**TASK GOAL**.
Only the lines from the one containing "травили твою семью?" through the end of the listing are to be repeated, exactly and without pictures.

**SOURCE MATERIAL**.
*****
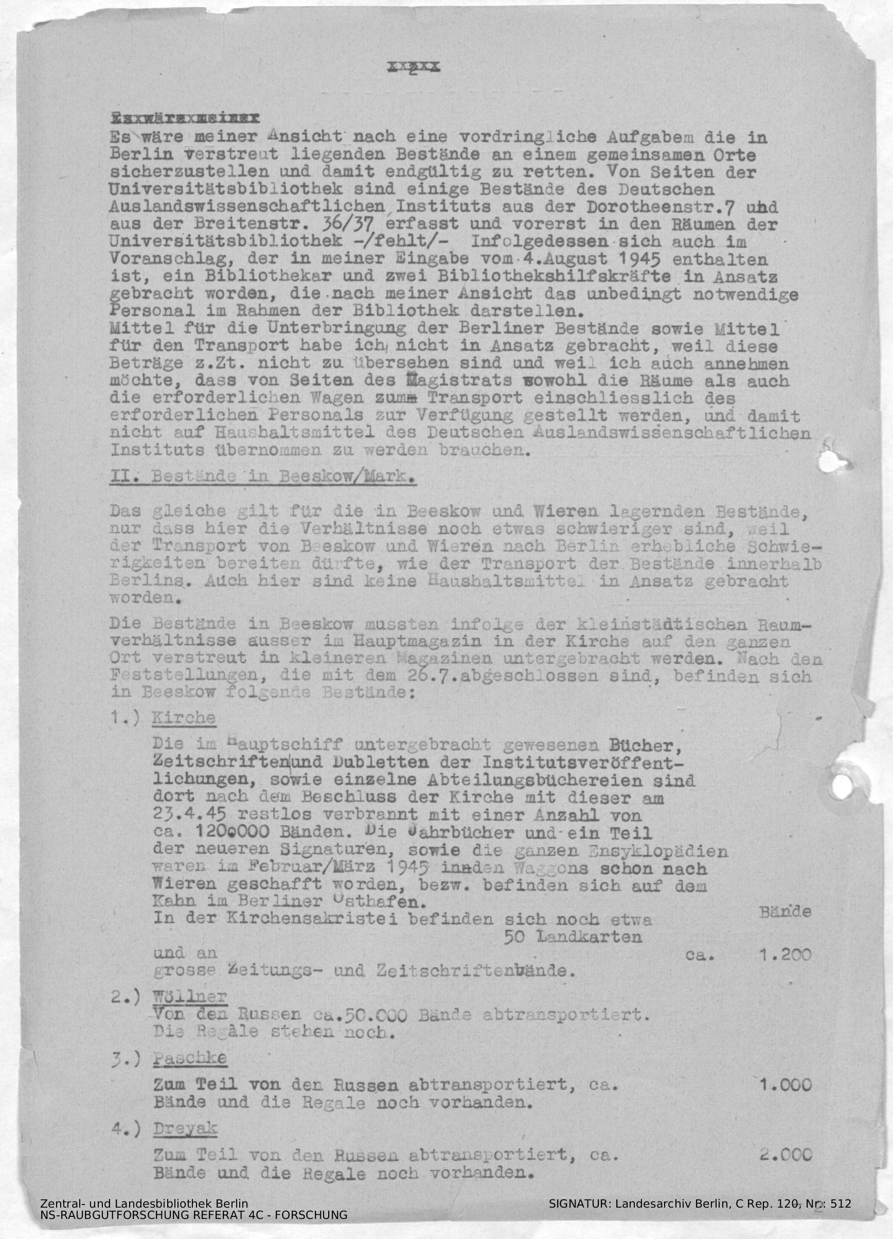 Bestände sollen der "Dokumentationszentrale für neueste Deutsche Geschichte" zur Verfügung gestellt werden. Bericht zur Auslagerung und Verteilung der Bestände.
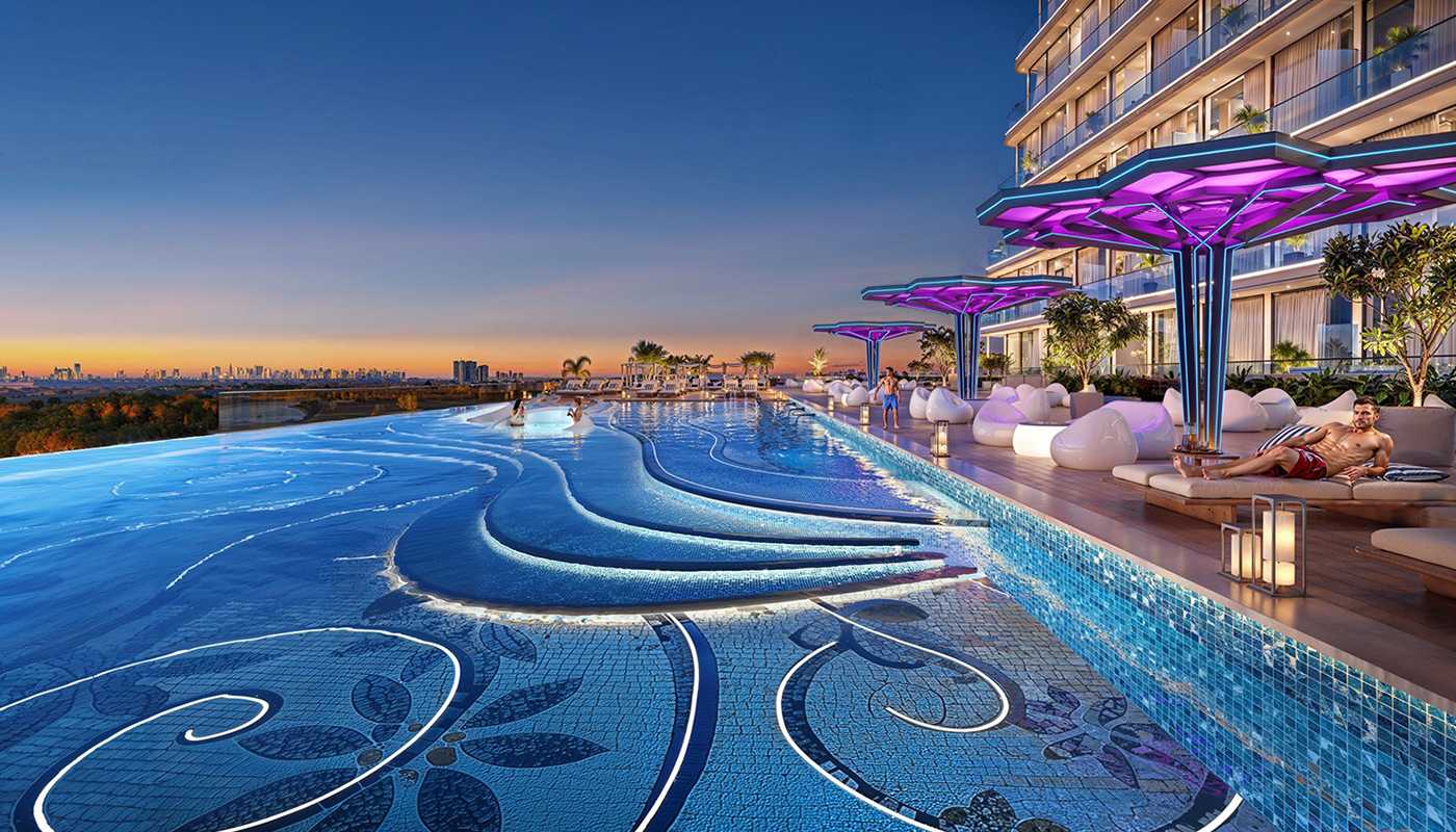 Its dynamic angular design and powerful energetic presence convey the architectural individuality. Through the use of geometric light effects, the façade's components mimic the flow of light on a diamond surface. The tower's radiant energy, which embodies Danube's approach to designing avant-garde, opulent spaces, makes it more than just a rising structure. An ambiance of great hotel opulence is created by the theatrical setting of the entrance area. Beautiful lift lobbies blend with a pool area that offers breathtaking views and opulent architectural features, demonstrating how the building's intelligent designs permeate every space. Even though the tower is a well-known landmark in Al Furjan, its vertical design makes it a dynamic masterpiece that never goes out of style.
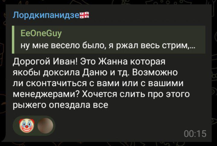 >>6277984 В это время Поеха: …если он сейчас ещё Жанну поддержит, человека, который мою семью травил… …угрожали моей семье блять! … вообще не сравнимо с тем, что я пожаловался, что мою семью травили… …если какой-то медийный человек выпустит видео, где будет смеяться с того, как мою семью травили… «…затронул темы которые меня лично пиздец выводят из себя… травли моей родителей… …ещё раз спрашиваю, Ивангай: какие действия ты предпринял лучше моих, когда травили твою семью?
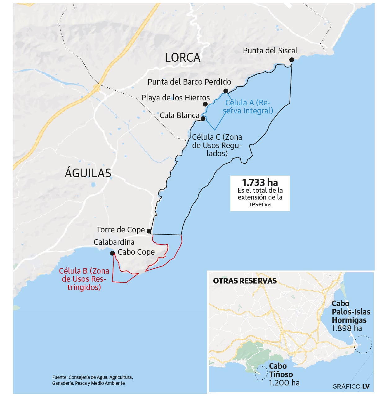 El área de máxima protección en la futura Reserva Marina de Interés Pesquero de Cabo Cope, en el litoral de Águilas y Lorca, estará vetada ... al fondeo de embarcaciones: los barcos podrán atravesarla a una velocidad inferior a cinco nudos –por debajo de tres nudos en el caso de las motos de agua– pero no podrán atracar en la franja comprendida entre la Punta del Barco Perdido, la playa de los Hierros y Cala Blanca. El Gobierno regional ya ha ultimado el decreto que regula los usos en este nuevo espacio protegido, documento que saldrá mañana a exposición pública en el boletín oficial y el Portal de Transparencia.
*****
**EXERCISE RESULT**.
 >>6277984 В это время Поеха: …если он сейчас ещё Жанну поддержит, человека, который мою семью травил… …угрожали моей семье блять! … вообще не сравнимо с тем, что я пожаловался, что мою семью травили… …если какой-то медийный человек выпустит видео, где будет смеяться с того, как мою семью травили… «…затронул темы которые меня лично пиздец выводят из себя… травли моей родителей… …ещё раз спрашиваю, Ивангай: какие действия ты предпринял лучше моих, когда травили твою семью?
 El área de máxima protección en la futura Reserva Marina de Interés Pesquero de Cabo Cope, en el litoral de Águilas y Lorca, estará vetada ... al fondeo de embarcaciones: los barcos podrán atravesarla a una velocidad inferior a cinco nudos –por debajo de tres nudos en el caso de las motos de agua– pero no podrán atracar en la franja comprendida entre la Punta del Barco Perdido, la playa de los Hierros y Cala Blanca. El Gobierno regional ya ha ultimado el decreto que regula los usos en este nuevo espacio protegido, documento que saldrá mañana a exposición pública en el boletín oficial y el Portal de Transparencia.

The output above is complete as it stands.